Михаил Сухоросов - Тихие игры
- Во многой мудрости, Витко, многие печали, а мудрость не от господа – сие дьявольский соблазн…
- Соблазн соблазном, но живому псу, отец Николаус, лучше, нежели мертвому льву, а живому колдуну – нежели мертвому священнику.
- Ну, я пока, хвала Иисусу, живой священник.
- А хочешь и дальше живым оставаться, готовься к набату. Мечиславовы дружинники – им все равно, в штанах ты или в рясе.
- А, в Богородицу и святого Иосифа их! Опять прятаться, что ли? Так ведь что не унесут, то пожгут…
- Да их всего человек двадцать будет. Поднимай людей, пока время есть.
- Двадцать не двадцать, а в железе все… Ладно, Харек Толстый еще у старого князя в дружинниках ходил, Радимов средний не только по железу стучал, знает, как копье держат… Еще с хуторов подтянутся… А ты-то что?
- Увидим.
- Увидим… Людей будить надо, по хуторам слать. Опять, скажут, напился Лешко…
- Скажи, Витко-колдун сказал.
- Эх… Может, уж в леса, ну их?
- Твое дело. Я предупредил.
- Предупредил он, господни ребра… – мельник грузно поднялся, пропал в темноте. Наконец-то! Ката размяла затекшие ноги. Полночь ведь уже скоро! Белянчик-то еще ладно, обидится, конечно, но дождется, а вот Юркая Тень подождет-подождет, да и один куда-нибудь удирает, а потом вернется, и такого понарасскажет – неделю завидуешь…
Наконец ушел, пропустив напоследок кружечку, и патер, дверь дома скрипнула – татка спать отправился. Он не запираеет никогда – кто ж к колдуну в самое логово полезет?.. Ох, до полуночи-то и в самом деле мало осталось, а Кате еще на другой конец деревни зайти, за Янкой-байстрюком… Еще и татка мельника переполошил со своим Мечиславом, тот всю деревню сейчас поднимет, задами пробираться придется, да еще мимо дома тетки Грипы, ведьмы липовой. Она, эта Грипа, вредная, как старуха, хоть и лет ей меньше, чем татке… Сама румяная, личико круглое, и вся она какая-то кругленькая, голосок ласковый, сладенький – а все равно вредная. Подлая. Чужих коров она по ночам выдаивает. Как-то, весной еще, Кату встретила, давай охать-ахать, жалеть: “Ох, сиротинушка, ах, неприкаянная…” – а потом вдруг: “Не хочешь ко мне в науку?”… Тоже, хитрая какая! Всей науки-то у нее – травки-корешки собирать, узелки завязывать, да солому на свечке жечь. Ката еще пешком под стол ходила, а уже все это знала… Тогда она сказала только: “А я не сирота, я с таткой живу” – и посмотрела на Грипу, а смотреть – это она умеет. Ох, тетка Грипа перепугалась – весь румянец сошел… Смех: ведьма, а чуть не перекрестилась. С тех пор, как Кату встретит – губы подожмет, бормочет под нос: “Вражья сила, семя сатанинское”. Бормочет, а сама боится, рукой-то обережные знаки так и пишет… С ней бы встретиться не хотелось, это да. А вот как приспичит ей сегодня за своими травками-корешками?.. Да нет, до того, как луна в силу войдет, еще четыре дня, а Грипа дура дурой, но это уж знает…
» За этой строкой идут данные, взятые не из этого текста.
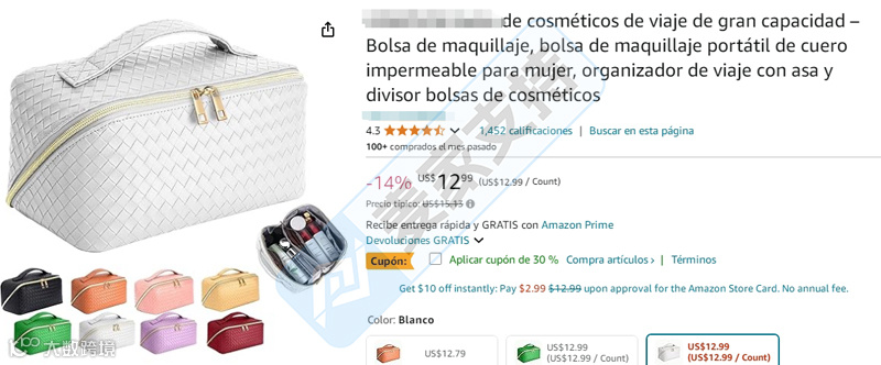 Shenzhen HongHongJing Trading Co. Ltd. 是中国深圳的一家贸易公司,本次维权的是该公司在亚马逊销售的一款大容量化妆包。这款化妆包以其实用的设计理念,重新定义了美妆收纳的新标准,专为追求便捷与效率的用户打造,其超大容量配合宽敞的开口设计,无论是日常通勤、繁忙工作还是长途旅行,都能轻松应对,让美丽随行无负担。多功能分区与分隔设计,巧妙分类各种化妆品及美容工具,180度全开式布局,让每一件化妆品都变得一目了然,省时又省心。化妆包为PU皮革材质,优雅质感的同时,实现了出色的防水性能,无论是意外溅水还是潮湿环境,都能有效保护美妆产品免受损害。无论是自用还是作为礼物赠予亲朋好友,这款集时尚与实用于一身的化妆包,都是理想之选。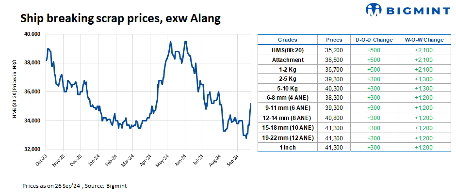 Ship-breaking melting scrap prices in Gujarat’s Alang market surged by INR 500/t d-o-d on 26 Sep’24, as per BigMint’s assessment. HMS (80:20) prices were assessed at INR 35,200/t ($421/t) exy. In yesterday’s trading session, semi-finished steel prices rose INR 500/t in the region. Concurrently, limited scrap supply and strong demand from Bhavnagar-based mills led suppliers to raise their offers today.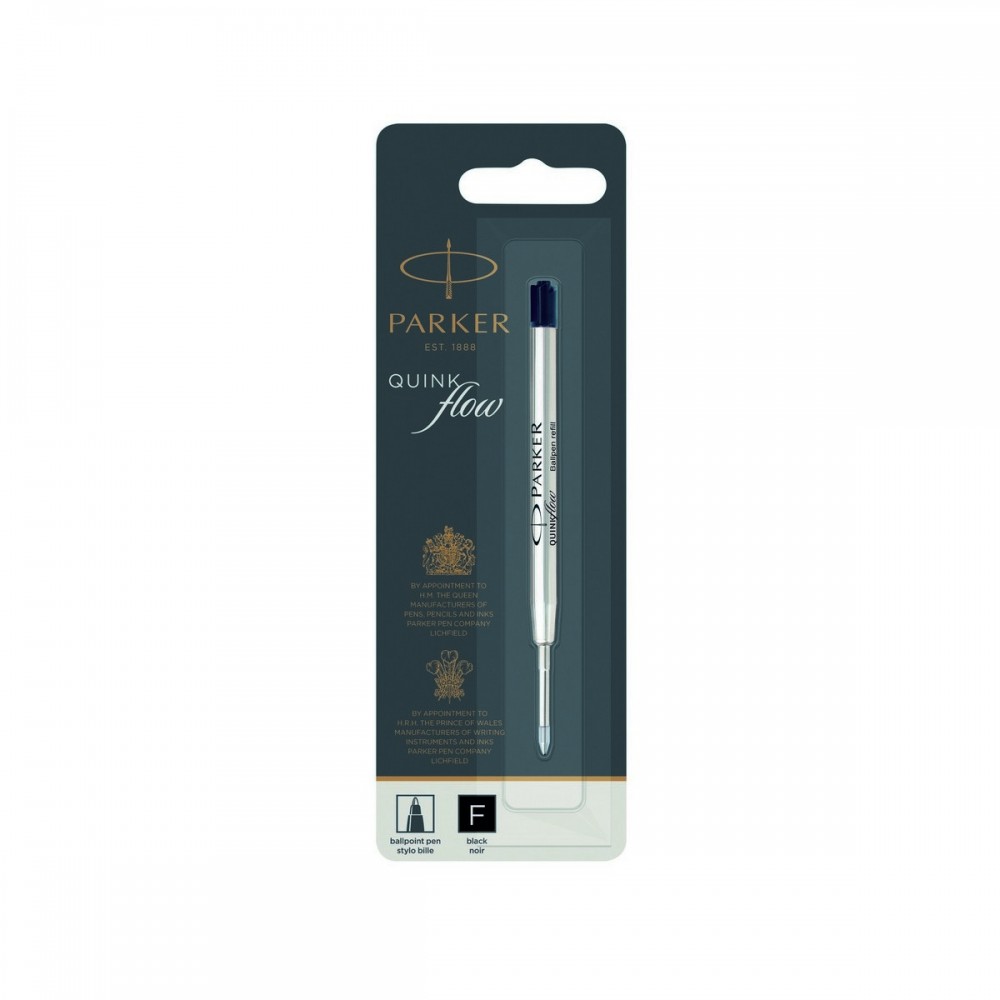 Magasan a legnagyobb darabszámban forgalmazott Parker betét. Erénye a nagy tartály,a precíz írócsúcs, a több mint 3000 méteres íráshossz. Minden Parker golyóstollhoz használható. Gyorsan száradó tinta. Vonalvastagsága Fine-vékony (0,5 mm). Írásszín: fekete.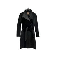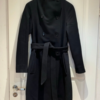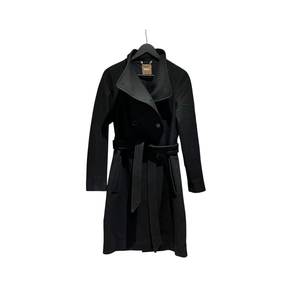 Hugo Boss polvipituinen tummansininen villakangastakki, koko 36. Takissa on kaksirivinen napitus ja irrotettava vyö, molemmin puolin taskut. Ostettu 2 vuotta sitten, ovh 399€.

Ката отодвинула заранее отодранную доску, повисла на руках, соскользнула в холодную от росы траву, подвернула подол, чтоб не замочить. Тоже, Грипы бояться! Не маленькая уже, зимой одиннадцать стукнет…
А у Грипы вон огонек сквозь ставни видно. Опять чьих-то коров выдаивает. Сквасить бы ей молоко как-нибудь… Так ведь сразу поймет, чьих рук дело… А тут старый Чок живет со всей большущей семьей. Внучка у него, Елька рыжая – дурочка, пауков боится до визгу. Дурочка. Не знает, что пауки счастье приносят. Не всем, правда… Дальше – бондарь, у него на дворе Хват, злющий кобелина. Кату он, конечно, не тронет – не родился еще такой зверь, чтоб ее тронуть, - а вот на Янку может и лай поднять…
Хват, помахивая хвостом, ткнулся мордой в колено. Ката, тихонько напевая без слов – тут и слов-то не надо, - провела ладонью по собачьей лобастой башке. Пусть спит Хват, свои собачьи сны смотрит. Интересно, что ему сниться может?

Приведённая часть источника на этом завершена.